Эта церемония была, конечно, просто спектаклем, но все же не обошлось без неожиданностей. Кардинал Хименес выступил с резким протестом, отказываясь удовлетворить просьбу преосвященного Борджа. В данном случае строптивость испанского прелата объяснялась чисто политическими мотивами: Фердинанда и Изабеллу весьма беспокоил наметившийся союз между Ватиканом и Францией.
Решение конклава должно было быть единогласным, и Александр поспешил вмешаться в дискуссию. Призвав всех к тишине, он заявил, что не видит причин, да и возможности, отказывать кардиналу Валенсийскому в просьбе, от выполнения которой зависит спасение его души — ведь нерадивого пастыря неминуемо ждет адское пламя. Этот аргумент — pro salute animae suae note 14 — был неопровержим и заставил Хименеса умолкнуть, ибо спасение души кающегося грешника — всегда главная и первостепенная задача церкви.
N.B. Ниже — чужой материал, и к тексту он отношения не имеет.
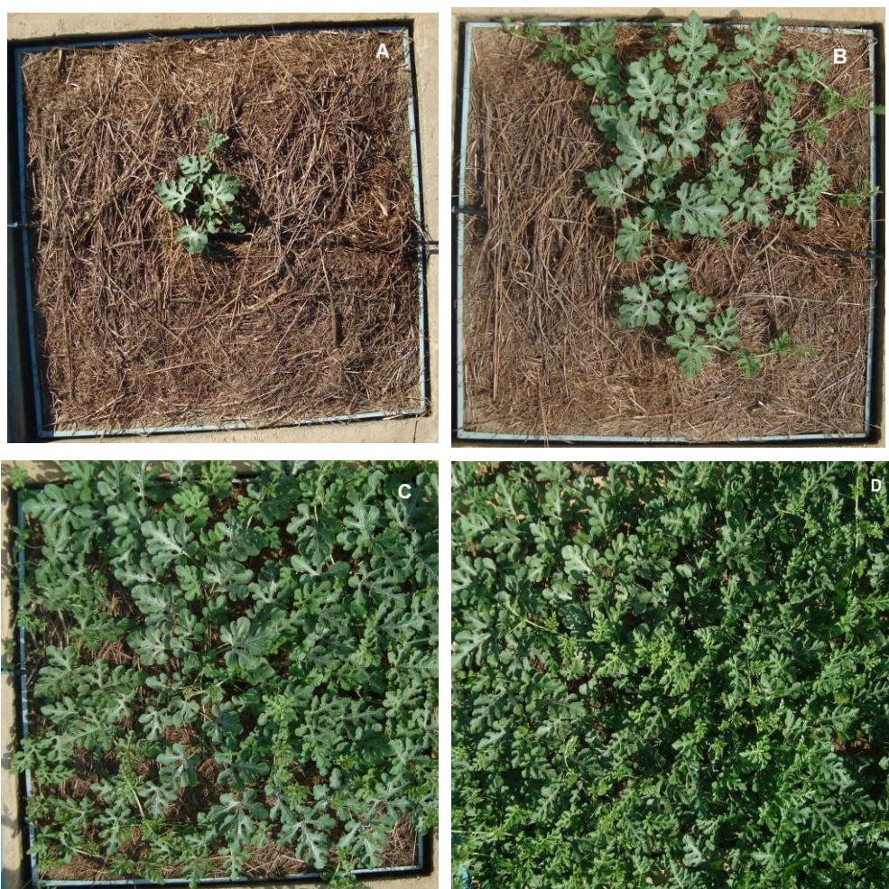
Figura 1. Área foliar da melancieira em diferentes fases de desenvolvimento da cultura. Fases: A – 19 DAS; B – 26 DAS; C – 33 DAS; D – 40 DAS. DAS – dias após semeadura.

Para efeito do cálculo dos Kc's médios, o ciclo da cultura foi dividido em quatro fases fenológicas, definidas da seguinte forma: I) fase inicial: do plantio até 10% de cobertura do solo; II) fase de crescimento: do final do estágio inicial até 80% de cobertura do solo; III) fase intermediária: de 80% de cobertura do solo até o início da maturação dos frutos; IV) fase final: do início da maturação até a colheita dos frutos.

Впрочем, предусмотрительный папа тут же подсластил пилюлю, объявив, что все лежащие за Пиренеями бенефиции кардинала Валенсийского будут переданы испанскому духовенству. Доходы с этих земель достигали 35000 флоринов ежегодно, и львиная доля предназначалась Хименесу. Кроме того, папа напомнил кардиналу, что поручил заботе их католических величеств своего малолетнего племянника герцога Гандийского и желает ныне и впредь сохранить самые теплые отношения с королевским двором. Под «племянником» подразумевался внук Александра VI Хуан, сын убитого Джованни.